Whilst Hamilton was receiving his latest round of physiotherapy having been bumped around the track for two hours, the Mercedes team were trying to figure out just how to not only solve the porpoising issue but also maximise the potential of the car.
A double-podium finish in France suggests they are on their way but the damage has been done and Hamilton will be hopeful lessons have been learned in 2023.
In the post-race conference at the French Grand Prix, the seven-time World Champion said that he had already given his input for what he wants from the 2023 car and, considering he is entering the final year of his current contract, it could be a hugely significant one.
Another title run or time to hang up the gloves?
"We talked a few weeks ago about how long our partnership can go and the number that was discussed was five to 10 years, so we can get to 400."
Wolff may have said it with a flicker of a smile but the Mercedes boss' comments do hint that Hamilton is not planning on walking away anytime soon.
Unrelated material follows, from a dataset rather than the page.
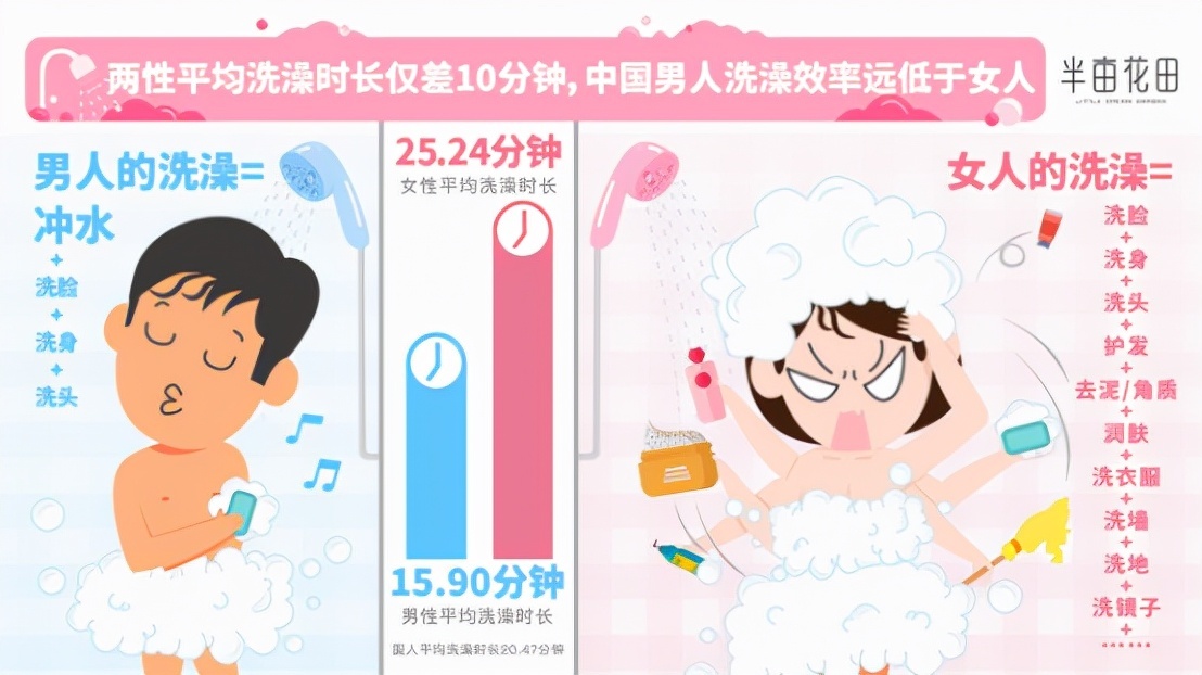 2019年半亩花田发布的《2019中国人洗澡大数据报告》指出,在洗澡这件事上,很多人似乎对女性有误解,凭印象认为男性洗澡快,女性则磨蹭。但中国人洗澡大数据报告却给出了真实原因:男性平均洗澡时长比女性少10分钟,洗澡效率却远低于女性。甚至有人调侃称,男人洗澡主要是冲水,女人洗澡则是“洗一切”的合集。从完整的洗澡步骤来看,搓泥或者搓磨砂膏已成为国内“洗澡精致派”的既定动作之一,和洗脸、洗身、洗头、护发、润肤一起组成了六大步。

Flash back to late last year and there were questions as to whether we had seen the last of Hamilton on the F1 grid. He had just seen his eighth world title, rightly or wrongly, taken away from him and Wolff said the pair of them were feeling "disillusioned" with the sport.
Hamilton disappeared from social media, later saying he needed to disconnect from F1, but did return to the grid for his 16th season. With this campaign a write-off in terms of achieving that record-breaking title win, the question of Hamilton's long-term future is an intriguing one.
The most logical option seems for him to stay at Mercedes. The performances of Hamilton have hardly declined and if the 40-year-old Alonso is still able to do it, there's no reason why the 37-year-old does not have a few years left in him at least.
From Mercedes' point of view, it also makes sense. Unlike Alpine with Oscar Piastri, there is not a stand-out star waiting to take Hamilton's seat and the seven-time World Champion can continue to pass his knowledge down to Russell, a man Mercedes hope is their future.
Also on a commercial side, Hamilton remains the biggest name in the sport by far and attracts way more coverage than the likes of a driver like Pierre Gasly would.
But given his place in the sport, the decision will rest with Hamilton and he may even be open to a switch of teams. In the past he has spoken of his love for Ferrari and could fancy a homecoming to McLaren (even if both options currently look unlikely).
The final option would be to retire, safe in the knowledge that his many records look set to stand for at least a decade, if not longer.
Considering his increased work with F1 and the FIA in terms of promoting equality, it would be no surprise to see him take on an ambassadorial role in the sport or perhaps even go for a presidential run somewhere down the line.
Alternatively, he could just leave the sport entirely. As he has been racing since he was a boy in a go-kart, it makes sense he would want to explore what else is out there and appears to be the driver with the most on his plate when it comes to activities he enjoys away from the track.
Only time will tell what the future holds for Hamilton but whatever he does choose, there can be no doubt of the impact he has made on the sport.